Protect Our Neighbors Emphasizes Local Solutions Based on Community Illness Levels

MCPH provides clarification on local public health order in regards to face coverings, last call, and gatherings.

Protect Our Neighbors is community-specific, and different communities will be at different phases based on local conditions and capabilities. During a press briefing on Tuesday, October 5, while explaining the state health department’s new dial approach and levels within it, Governor Jared Polis stated the conditions counties can allow for under Protect our Neighbors, based on their case counts. These are county-by-county decisions and his comments were in the context of a discussion about regional capacity and readiness of local communities to respond to manageable levels of COVID-19. We are working with the state to provide clarification on comments made by Governor Polis.

Mesa County Public Health (MCPH) has advocated for this type of local control, it’s one of the reasons we were among the first to be given this designation. The current local public health order outlines this phase of reopening in Mesa County. The public health order supports Mesa County’s efforts to continue to open gradually, prioritizing our economy while balancing public health.

Currently in Mesa County:

  • All industries (all types of businesses, establishments, and activities) may operate at 50% of normal capacity.
  • Indoor occupancy is capped at 500 people.
  • Cloth face coverings over the nose and mouth must be worn for interactions where physical distancing is not possible or when entering and moving throughout indoor public places. Face coverings can be removed while seated.
  • Last call for alcohol sales in restaurants and in on-premises retail liquor establishments can be no later than midnight.

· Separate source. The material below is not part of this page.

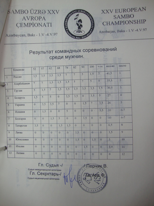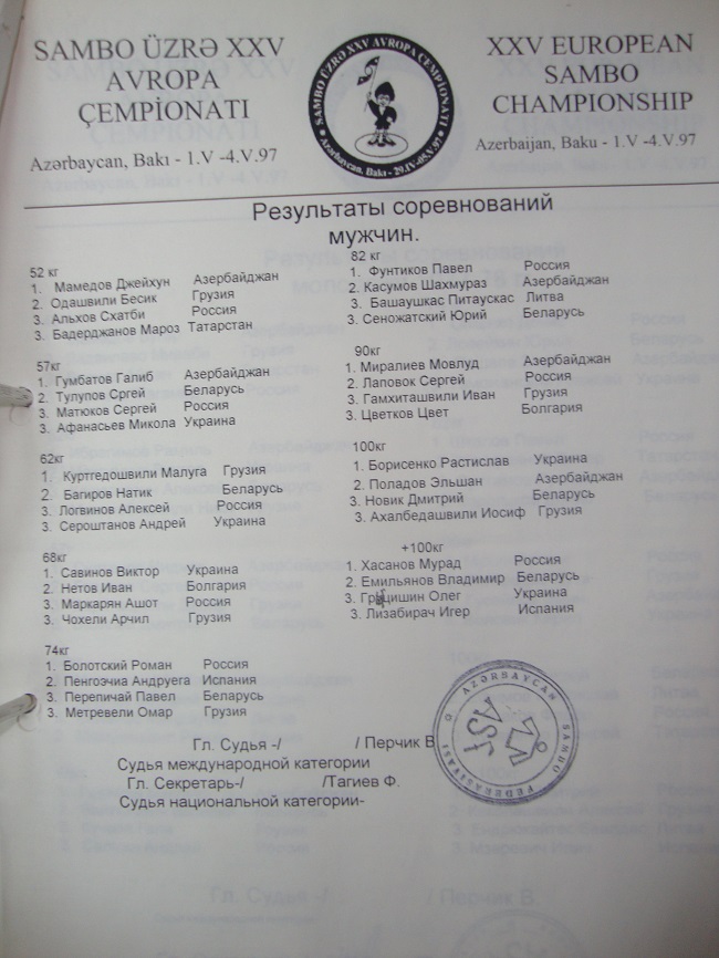 Мужчины - 1 - 4 мая 1997 года. Баку.

In Mesa County, we are open significantly more than in other areas of the state, but with increased positive cases we must make adjustments that are gradual. Within the last several weeks we have seen record case counts, including a single-day record of 35 new positive cases last Thursday.

The pandemic isn’t over. With flu season upon us, our actions must also take into consideration the increased demands placed on our health care system by flu. We’re asking the community to work together and avoid the individual behaviors leading to community spread.

We are working with the state and our local businesses to open as quickly and safely as possible. Mesa County is different, we need your help to continue to prove that our local control is working, and our gradual approach is successful.

Residents, visitors, and anyone in Mesa County must follow the local order, which is not interchangeable with the State’s order. All community members are strongly encouraged to visit the Mesa County Public Health website and read the entire public health order and industry-specific guidelines.